The women fussed over me arranging which bathroom I would use, as they all had different facilities, all indoors, they wanted me to use the most modern of the 3, as I have adapted to SL ways any of the 3 were fine by me, but being a guest I accepted their offer and went and had my “body wash” as they called it.

The hospitality continued by being invited to join the chaps for a beer while and of course sample the snacks on offer, some sambol and a root veg similar to a potato with a nutty taste…(again ever thankful to the inventor of the loose fitting draw sting trousers.) I did my best to speak in singalish (or singasarah) acknowledging the fact I was in the company of a fairly senior member of the SL police force, a tour guide (he’d also worked in Paris in the film industry) a senior engineer trying to obtain work in the Emirates, Mr S, and the thin legged cousin, who proceeded to sing to me! I then was asked to go inside to eat, nice I thought eat with the women and kids …wrong I was sat at the head of a laden table, there must have been 14 dishes of various curries and sambols and ONE plate, I was to eat alone watched by the women some of the kids and the men when passing thro to the fridge. It is a tradition in rural areas, to watch your guest eat, I found it a little un nerving but hey never been known to refuse I got stuck in…well you have to don’t you, it would have been rude not to…the trick is to take a little of everything, as if you don’t go for seconds you can offend, luckily I recalled this from my training. This was indeed 5 star home cooking, this was some of the food prepared for the priests (monks ) who would attend the house the next day to pray for the parents as it was the anniversary of their deaths the Dana, which is also an alms giving ceremony.

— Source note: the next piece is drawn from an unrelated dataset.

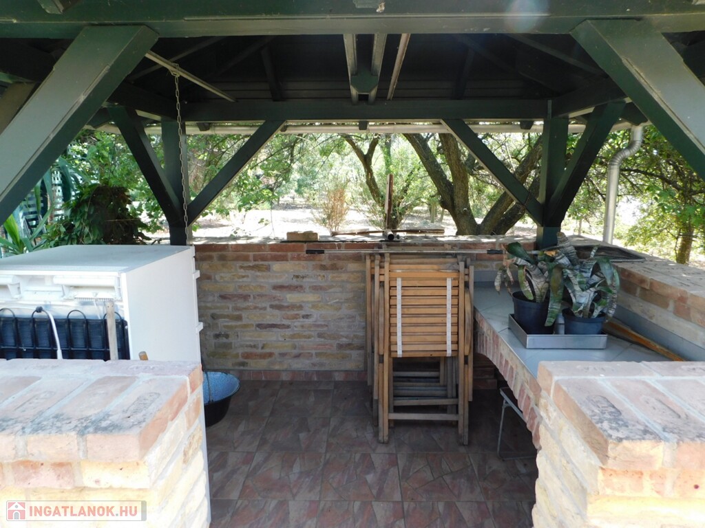 Az udvar központi helyén, a főépület mellett egy nagy méretű fedett terasz is található, mely alatt akár közepes méretű rendezvények, sütögetések is tarthatóak, köszönhetően az épített bográcsozó és grill terasz résznek.

The priests arrived before mid day, they said prayers all the family, friends and villagers sit on the floor and join in, the senior priest speaks wise words, and he kindly acknowledged and prayed for me apparently! The food was brought in and presented to the 4 priests who then get out the bowls from their bags, are served, we all left the room, then they were presented with new fans and robes by the family. That was it; they were away by ¼ to 1.  Not a bad day’s work in my book!

Then guess what, yep it was time for us to eat, (it less than 5 hours since I had eaten breakfast, and 2 hours since pre ceremony snacks!)Oh well when in Rome…

Like I say it was a 5 star couple of days from the hotel to the countryside… I know I gained a few pounds, but  also I gained an awareness of rural SL family life and traditions therein.  I have been invited back,  and am looking forward to that… now where did I leave that skipping rope!